**AVAILABLE DATA**
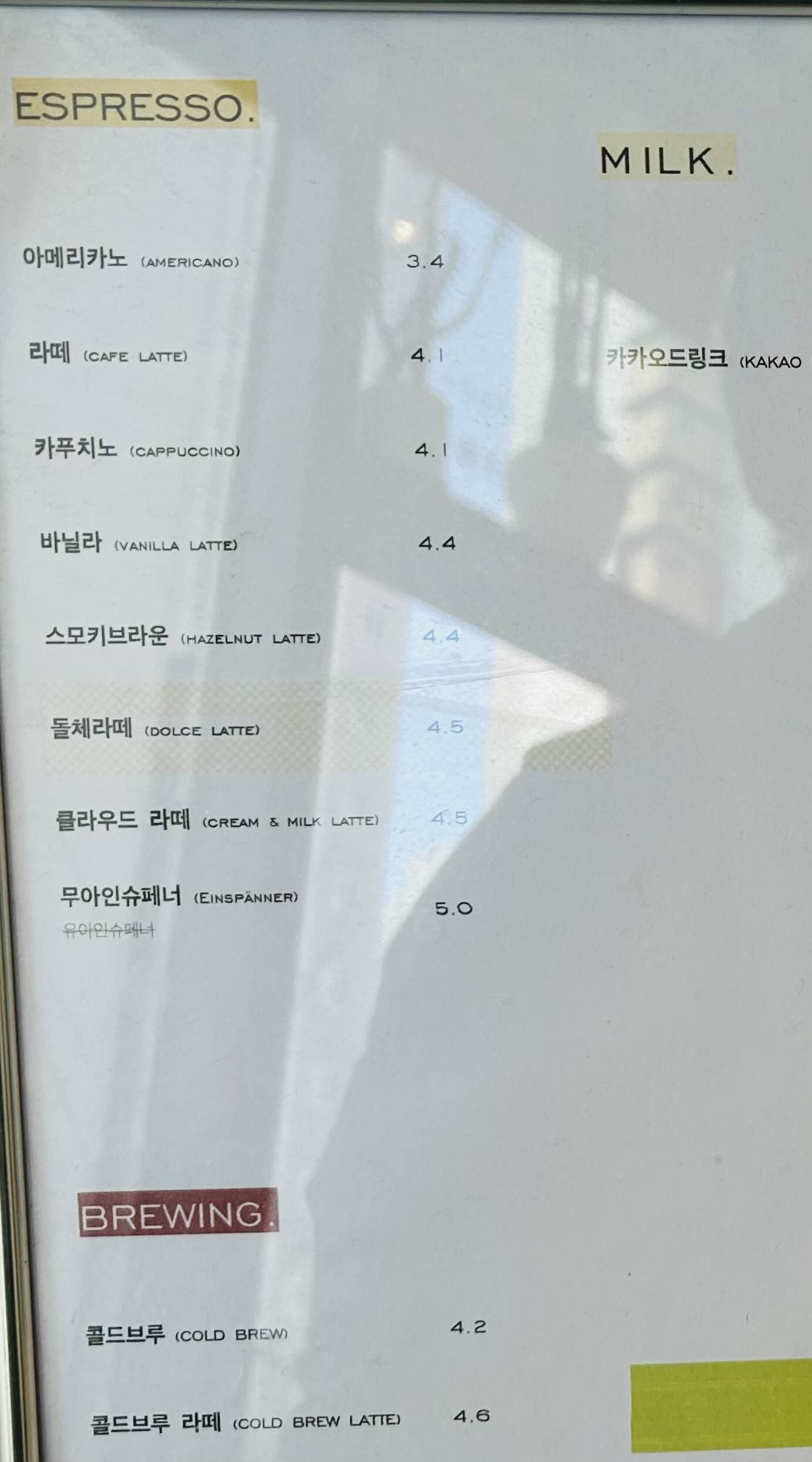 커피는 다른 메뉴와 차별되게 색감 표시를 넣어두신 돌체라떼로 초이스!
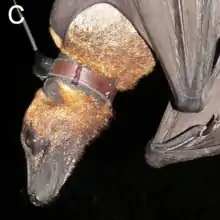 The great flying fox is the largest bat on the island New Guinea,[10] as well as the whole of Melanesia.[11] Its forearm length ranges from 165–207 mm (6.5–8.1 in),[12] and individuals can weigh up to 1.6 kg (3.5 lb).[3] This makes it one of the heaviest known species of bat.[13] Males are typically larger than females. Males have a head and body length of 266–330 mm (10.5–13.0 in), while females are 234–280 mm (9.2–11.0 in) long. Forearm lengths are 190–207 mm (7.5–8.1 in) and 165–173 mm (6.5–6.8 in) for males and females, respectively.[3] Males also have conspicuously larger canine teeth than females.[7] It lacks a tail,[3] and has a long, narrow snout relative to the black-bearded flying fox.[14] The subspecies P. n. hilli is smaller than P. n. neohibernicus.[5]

...

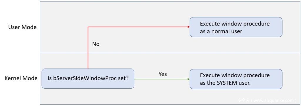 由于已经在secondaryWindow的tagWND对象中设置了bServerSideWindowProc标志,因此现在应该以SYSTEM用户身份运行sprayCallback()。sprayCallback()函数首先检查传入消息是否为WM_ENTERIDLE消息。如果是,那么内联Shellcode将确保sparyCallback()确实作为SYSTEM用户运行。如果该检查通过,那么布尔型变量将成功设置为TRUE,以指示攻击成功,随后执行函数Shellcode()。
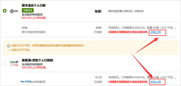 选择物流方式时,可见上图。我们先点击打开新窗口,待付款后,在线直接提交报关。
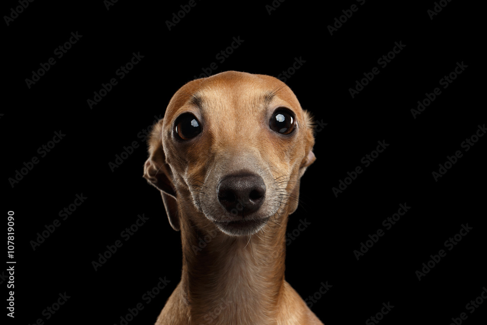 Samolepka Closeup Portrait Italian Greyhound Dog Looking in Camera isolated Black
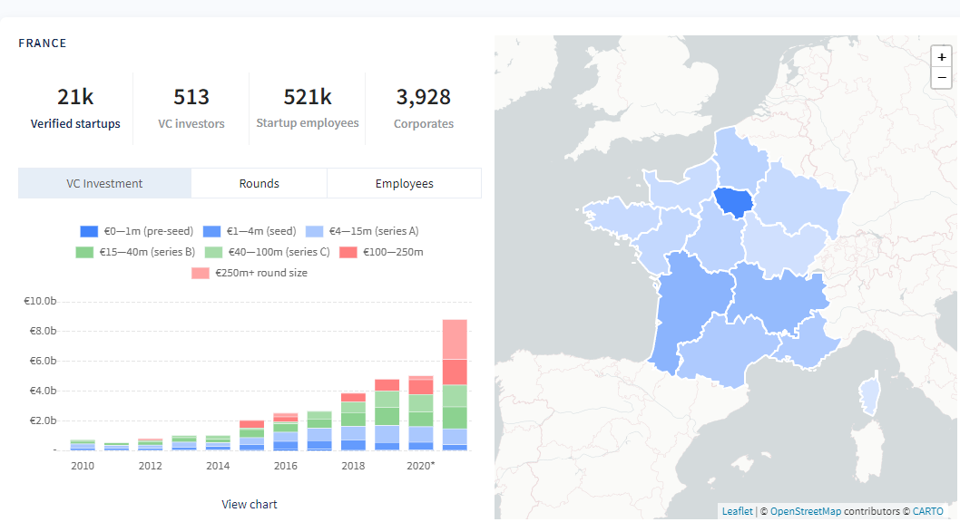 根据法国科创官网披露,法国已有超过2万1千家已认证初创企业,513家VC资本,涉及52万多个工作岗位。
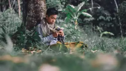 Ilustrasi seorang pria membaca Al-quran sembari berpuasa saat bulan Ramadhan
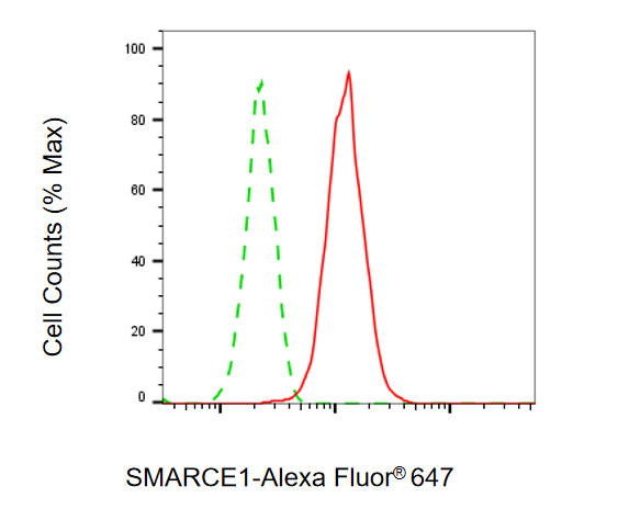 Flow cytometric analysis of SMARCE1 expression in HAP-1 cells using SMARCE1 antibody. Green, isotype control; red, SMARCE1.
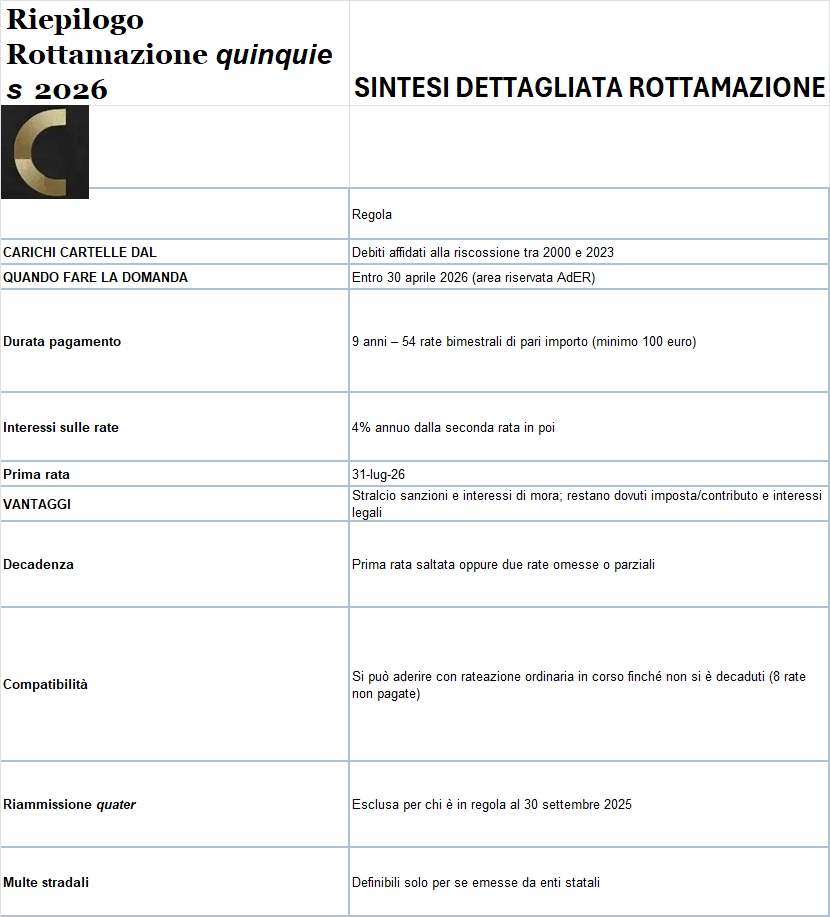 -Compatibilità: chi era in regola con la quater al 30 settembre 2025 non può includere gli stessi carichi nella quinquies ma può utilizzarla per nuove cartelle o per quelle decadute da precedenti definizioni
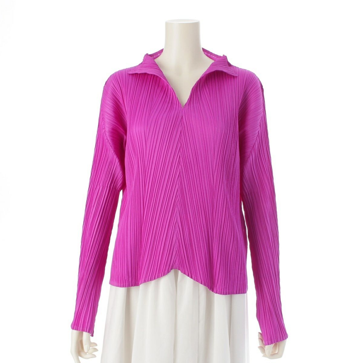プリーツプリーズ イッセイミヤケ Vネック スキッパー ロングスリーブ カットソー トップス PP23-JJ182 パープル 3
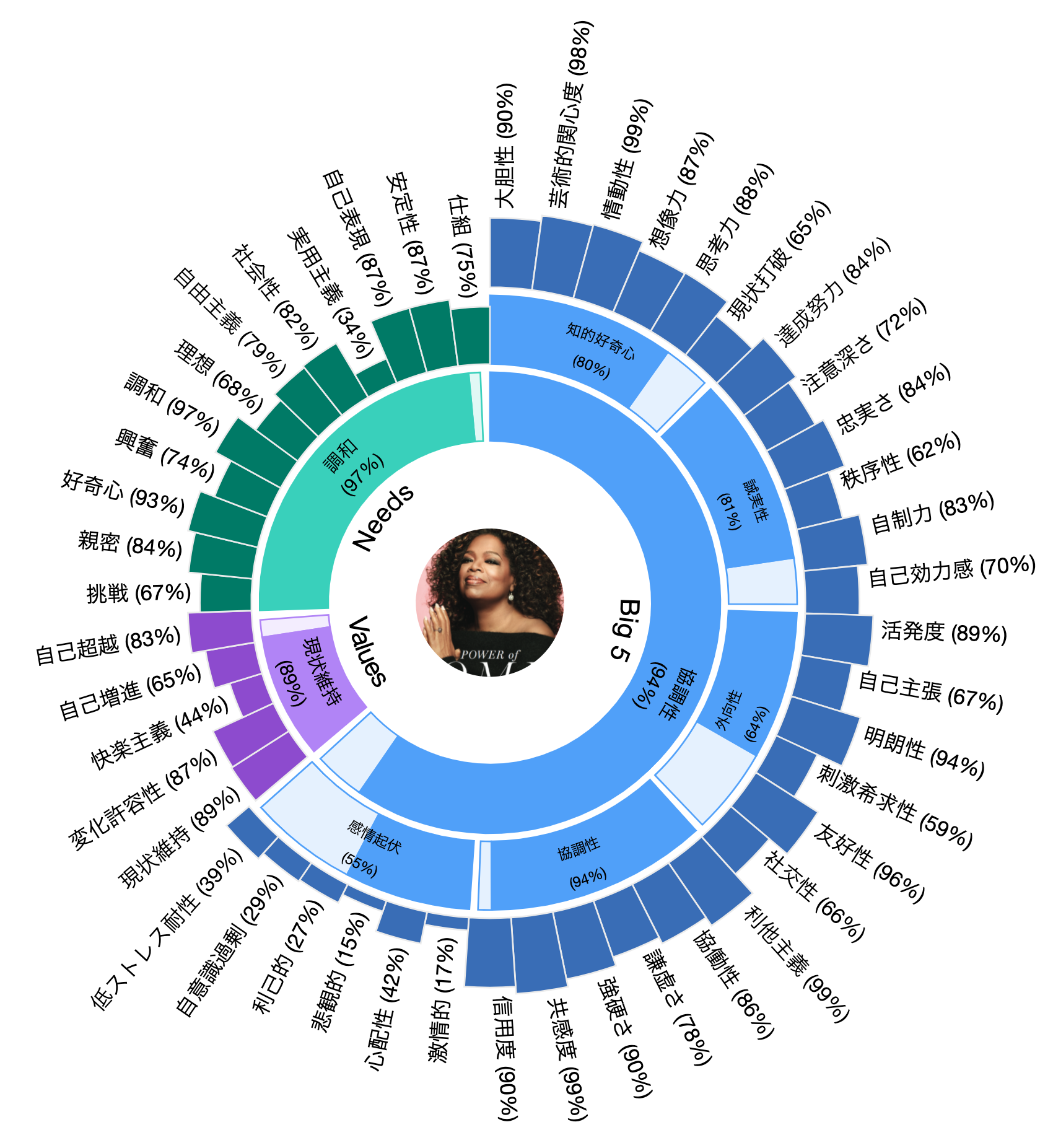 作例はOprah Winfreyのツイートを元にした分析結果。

**TO DO**
From the records above, copy exactly the stretch from the line holding "根据法国科创官网披露,法国已" through the line holding "作例はOprah Winfreyのツイートを元にした分析結果。", both ends included, without the pictures.

**ANSWER TO THE EXERCISE**
 根据法国科创官网披露,法国已有超过2万1千家已认证初创企业,513家VC资本,涉及52万多个工作岗位。
 Ilustrasi seorang pria membaca Al-quran sembari berpuasa saat bulan Ramadhan
 Flow cytometric analysis of SMARCE1 expression in HAP-1 cells using SMARCE1 antibody. Green, isotype control; red, SMARCE1.
 -Compatibilità: chi era in regola con la quater al 30 settembre 2025 non può includere gli stessi carichi nella quinquies ma può utilizzarla per nuove cartelle o per quelle decadute da precedenti definizioni
プリーツプリーズ イッセイミヤケ Vネック スキッパー ロングスリーブ カットソー トップス PP23-JJ182 パープル 3
 作例はOprah Winfreyのツイートを元にした分析結果。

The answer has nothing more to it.